Histoire et Image Médiévales : Il est rare de voir des historiens s’impliquer dans la création d’une bande dessinée. Pourquoi vous êtes-vous lancé dans une telle aventure éditoriale ?
Valérie Theis et Etienne Anheim : Le projet a été imaginé au départ par Sophie de Closets, qui était directrice éditoriale, qui est maintenant PDG de Fayard, et qui est elle-même historienne de formation. Elle nous en avait parlé dès le début et nous avait proposé de participer, ce que nous avons accepté tout de suite. Cela nous intéressait beaucoup, à la fois parce que nous aimons la bande dessinée et qu’il nous semble important que les historiens participent à des formes de transmission de leur savoir au-delà du monde savant.
HIM : Quel a été votre rôle ? Avez-vous conseillé les seuls scénaristes, ou bien le dessinateur également ?
VT et EA : Le principe de la collection, qui est maintenant pilotée éditorialement par Sophie Hogg pour Fayard et par Cédric Illand pour Glénat, est justement d’associer étroitement les scénaristes, les dessinateurs et les historiens, et c’est ce qui nous plaisait. Nous avons donc été en contact permanent avec les deux scénaristes, Alex Nikolavitch et Matthieu Mariolle, et le dessinateur Filippo Cenni. Comme nous avons eu la chance de rencontrer des personnalités ouvertes, originales et sympathiques, c’était une expérience passionnante. Tout le monde est toujours resté à la fois ouvert aux observations des autres, et respectueux du travail et de la compétence de chacun dans son domaine.
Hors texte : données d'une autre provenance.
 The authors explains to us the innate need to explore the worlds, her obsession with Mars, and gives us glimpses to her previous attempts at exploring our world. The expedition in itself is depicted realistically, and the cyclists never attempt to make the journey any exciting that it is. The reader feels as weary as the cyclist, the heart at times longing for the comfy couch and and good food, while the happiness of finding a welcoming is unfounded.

HIM : La vie de saint Louis de Jean de Joinville apparaît comme une source majeure. Avez-vous utilisé d’autres textes d’époque ?
VT et EA : Comme Jacques Le Goff l’a montré, le texte de Joinville est une source unique pour écrire l’histoire de Saint Louis, dans la mesure où il s’agit d’un témoin laïc, qui a vécu dans l’intimité du roi et qui porte sur lui un témoignage très personnel. Mais nous avons aussi utilisé les autres chroniques qui ont été utilisés par le procès de canonisation puis par la tradition historiographique. Et surtout, nous avons largement puisé dans un texte dicté par le roi lui-même, qu’on appelle les « Enseignements de Saint Louis » : c’est même le fil conducteur de l’album, puisqu’il commence avec le roi sur son lit de mort, demandant de se faire lire les Enseignements, qui ponctuent ensuite les différents épisodes de sa vie.
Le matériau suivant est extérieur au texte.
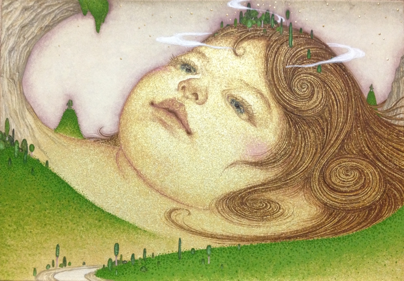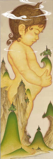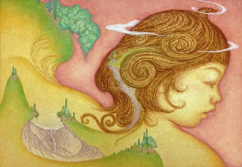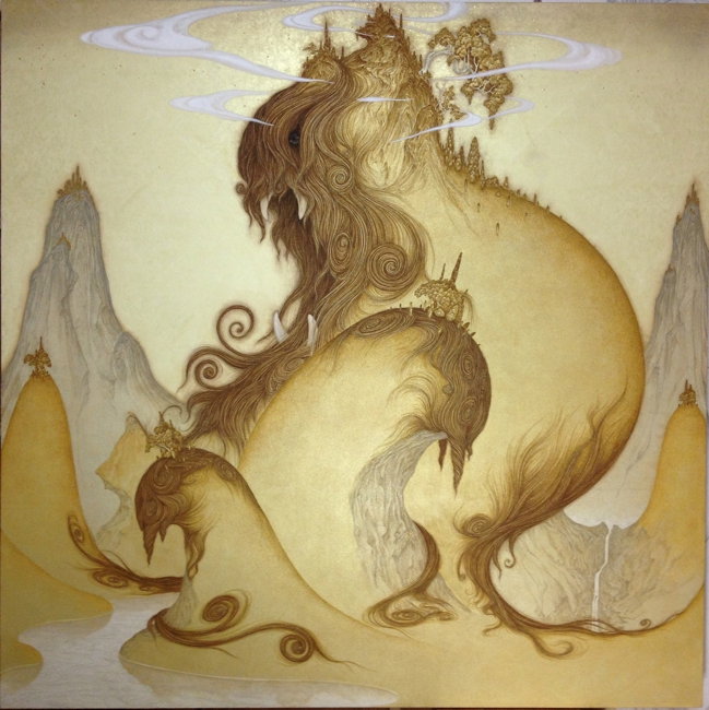 雲肌麻紙 膠 墨 顔料 金箔 金泥

HIM : Vous représentez un saint Louis préoccupé, presque rongé par l’idée du salut. On retrouve d’ailleurs un peu la même chose dans votre Philippe Le Bel. Pourquoi avoir mis en avant cet aspect du caractère du roi ?
VT et EA : Nous avons cherché à montrer que l’exercice du pouvoir royal, au Moyen Âge, était inséparable d’une anthropologie chrétienne. C’est l’idée selon laquelle le gouvernement de soi et le gouvernement des autres sont directement liés au sein de la figure royale. Il s’agit donc moins d’un problème d’intériorité ou de spiritualité individuelle, que d’une conception du monde où les catégories qui organisent l’action et la société ne sont pas les mêmes qu’aujourd’hui. Cela fait partie du travail historique de cet album, justement, d’avoir cherché à défendre une vision historiographique à travers un dessin et un scénario, et pas seulement de raconter linéairement une biographie.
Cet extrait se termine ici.